By Eva Berlin, Digital Content Specialist, High Museum of Art
One hundred years ago today, the Nineteenth Amendment to the United States Constitution was ratified. The amendment is often described as “guaranteeing women the right to vote” — but this statement is not true. Although it was a momentous step toward equal voting rights for women, and a huge achievement won through the hard work of generations of suffragettes, the victory was extremely limited.
What did the Nineteenth Amendment do? What did it not do?
Passed by Congress on June 4, 1919, and ratified on August 18, 1920, this constitutional amendment effectively granted White women the right to vote — it did not guarantee all women the right to vote. Women of color — including Black, Native American, and immigrant women — were left unprotected from restrictions imposed at the state level.

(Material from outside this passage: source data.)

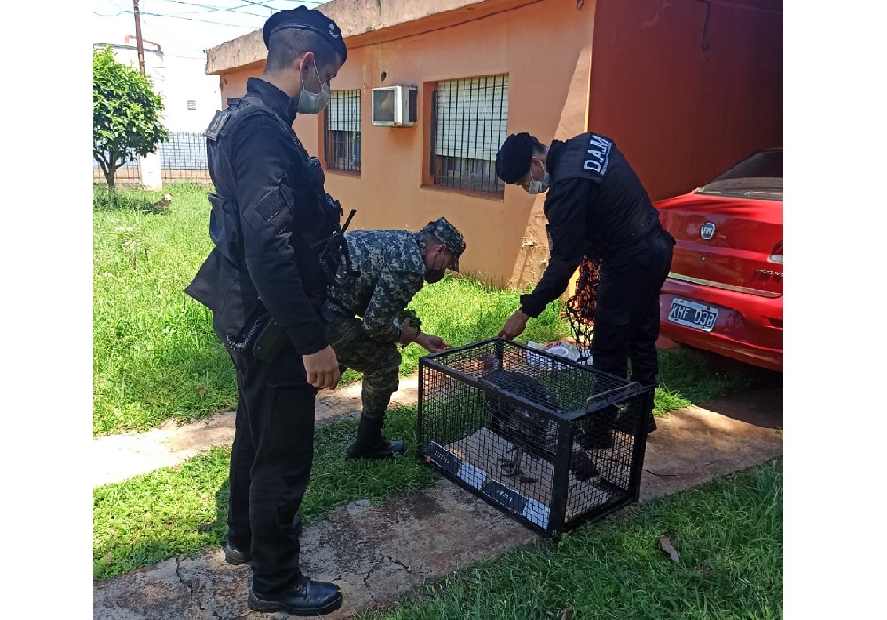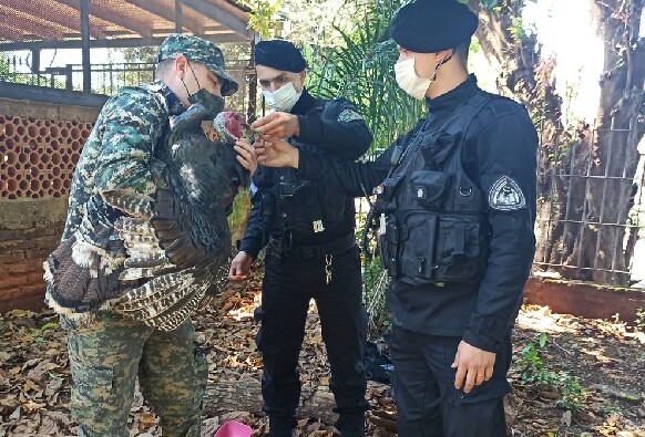 Una vecina se contactó con efectivos de la Policía de Misiones para alertar sobre la presencia del ave en el patio de su vivienda.
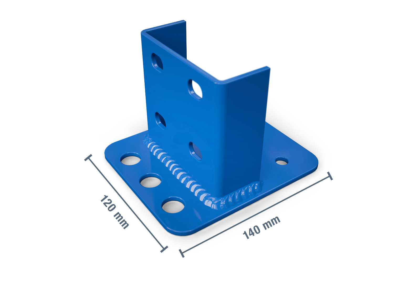 Les traverses sont thermolaquées en orange vif pour assurer la sécurité au travail. Elles s’accrochent simplement par enfichage dans les montants de rack. Des goupilles de sécurité supplémentaires protègent la traverse contre un retrait accidentel et assurent ainsi la sécurité. Les montants de rack à palettes se composent de deux profilés de montant thermolaqués en bleu. Les profilés de montant avant et arrière sont vissés ensemble à l’aide d’entretoises transversales et diagonales, ce qui permet une excellente stabilité. Afin de la garantir encore davantage, 2 socles sont montés aux extrémités inférieures de chaque montant de rack et ancrés solidement au sol à l’aide de boulons d’ancrage . Ainsi, notre rack à palettes modulaire est non seulement personnalisable, mais aussi particulièrement fiable grâce à sa fixation dans le sol.
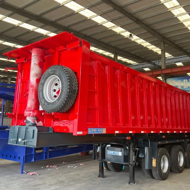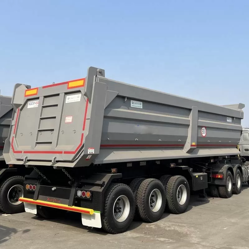 Este tipo de remolque autovolquete, también conocido como remolque autovolquete trasero, descarga la carga en la parte trasera del vehículo. Se utiliza comúnmente para transportar materiales sueltos como áridos, arena, grava y residuos de construcción, y se utiliza en industrias como la construcción, la minería, la agricultura, la gestión de residuos, el paisajismo y la excavación.
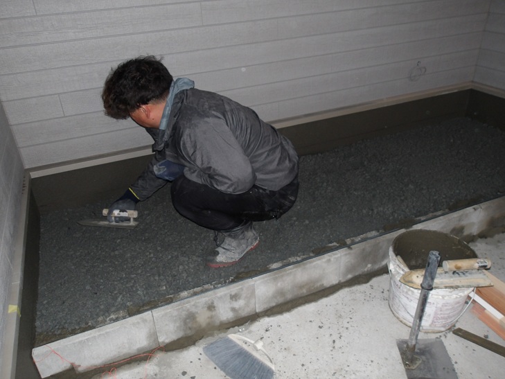 左官工事 ビルトインガレージ 玄関ステップ 那珂川市つながる家 注文住宅 福建住宅株式会社
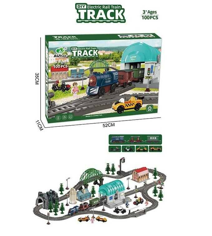 Залізниця AU 8665 (18) 108 елементів, підсвічування, звуки транспорту, автоматичний рух потяга, станція, магнітне з`єднання, світлофор, в коробці

Here’s the actual text of the Amendment:
The right of citizens of the United States to vote shall not be denied or abridged by the United States or by any State on account of sex. Congress shall have power to enforce this article by appropriate legislation.
Although the amendment federally acknowledged that women were allowed to vote, and although it declared that states cannot limit that right, things didn’t play out that way. Many states still found ways to limit certain voters’ rights through something called voter suppression.
Voter suppression is any effort, either legal or illegal, by way of laws, administrative rules, or tactics that prevents eligible voters from registering to vote or voting. Voter suppression disproportionately affects people of color, women, people with disabilities, older Americans, and low-income or houseless voters.
Voter suppression tactics can be overt or covert and have included gerrymandering, poll taxes, grandfather clauses, literacy tests, photo ID requirements, limiting early voting, closing polling places, and purging voter rolls. Many of these tactics are still used today.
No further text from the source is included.